Widespread public complaints about not being able to get through to GP Practices’ phones

But from what was said in the meeting by Cllr Barnes, Calderdale Clinical Commissioning Group GP Lead Majid Azeb and Calderdale Local Medical Committee Chair Dr Seema Nagpaul, it seems that the initial phone triage assessment is carried out by receptionists who are unlikely to be clinicians.

Cllr Mike Barnes told the 15th July meeting that all Councillors had received many complaints from the public over the past year about being unable to get through on their GP Practices’ phones.

And when they could, they were “interrogated” about their symptoms and asked sensitive questions by receptionists whom they didn’t know.
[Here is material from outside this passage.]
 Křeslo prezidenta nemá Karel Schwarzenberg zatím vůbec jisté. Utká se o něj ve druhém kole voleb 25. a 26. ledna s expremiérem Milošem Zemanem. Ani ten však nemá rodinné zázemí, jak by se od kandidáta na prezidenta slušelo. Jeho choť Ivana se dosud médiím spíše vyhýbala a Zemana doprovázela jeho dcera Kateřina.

The receptionists wouldn’t put patients through for a consultation until they’d,

“got the answers on their tick sheets.”

Cllr Barnes added that Practice Managers’ responses to this issue had been patronising, condescending and hadn’t addressed the issue.

Majid Azeb, the GP lead for the Clinical Commissioning Group, told Cllr Barnes that because nowadays GP practices have so many different types of staff, they need receptionists to get an indication of what the problem is so they can put the patient with the correct clinician, as a start. But this should not involve interrogation.
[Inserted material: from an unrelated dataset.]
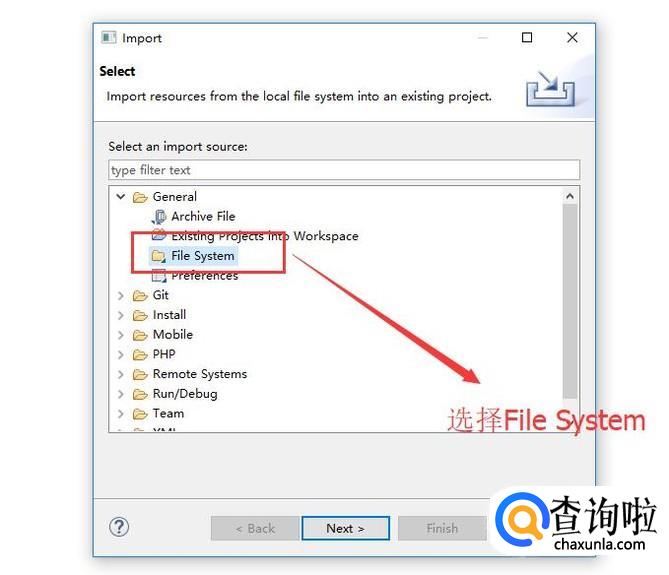 在弹出的Import界面中选择General下面的File System选项,如下图所示

Dr Seema Nagpaul said that in training they should be looking at the way receptionists ask for patients’ details in the initial telephone triage – they never used to do that.

Majid Azeb said that the responsiveness of General Practice has improved with the new total triage system. Instead of waiting 2 weeks for a routine appointment, 95% of patients now have a call back on the same day. And this is on the highest level of appointments since NHS Digital started collecting data.

He said a lot of people like the convenience of the new phone system and the CCG has invested in phone systems for GPs, with practices employing more admin, reception and clinical staff to manage this.

NHS Digital sits on data the Clinical Commissioning Group needs

Cllr Barnes asked if there was any breakdown by GP Practices of the report’s chart about different types of Calderdale GP appointments – face to face, telephone, video conference/online, home visit.

Debbie Robinson told him that they don’t have this data because the data provided by NHS Digital on behalf of NHS England is only at CCG level.

Ideally the Clinical Commissioning Group want more data and they also want data about patients’ access to Primary Care Network physiotherapists, care navigators and prescribing pharmacists, which they don’t get. That data’s not included in the chart, so it doesn’t show the full access to primary care clinicians.

(It seems from a Primary Care Commissioning report that the limitations of NHS Digital data on GP appointments are also due to

“the wide variation in recording between practices, driven by the use of multiple IT systems and different recording approaches in practices.”

GP Practices had until 30th June to fix this. If you’re interested in this detail , you can download more information here):

How does Joe Blogs down the street with no digital technology access his GP surgery to get the best possible healthcare?

Cllr Blagborough said he appreciated the work that GPs were doing, but the Scrutiny Panel needed to commission a report for Joe Blogs down the street who doesn’t have digital technology. How does he access his GP surgery to get the best possible healthcare?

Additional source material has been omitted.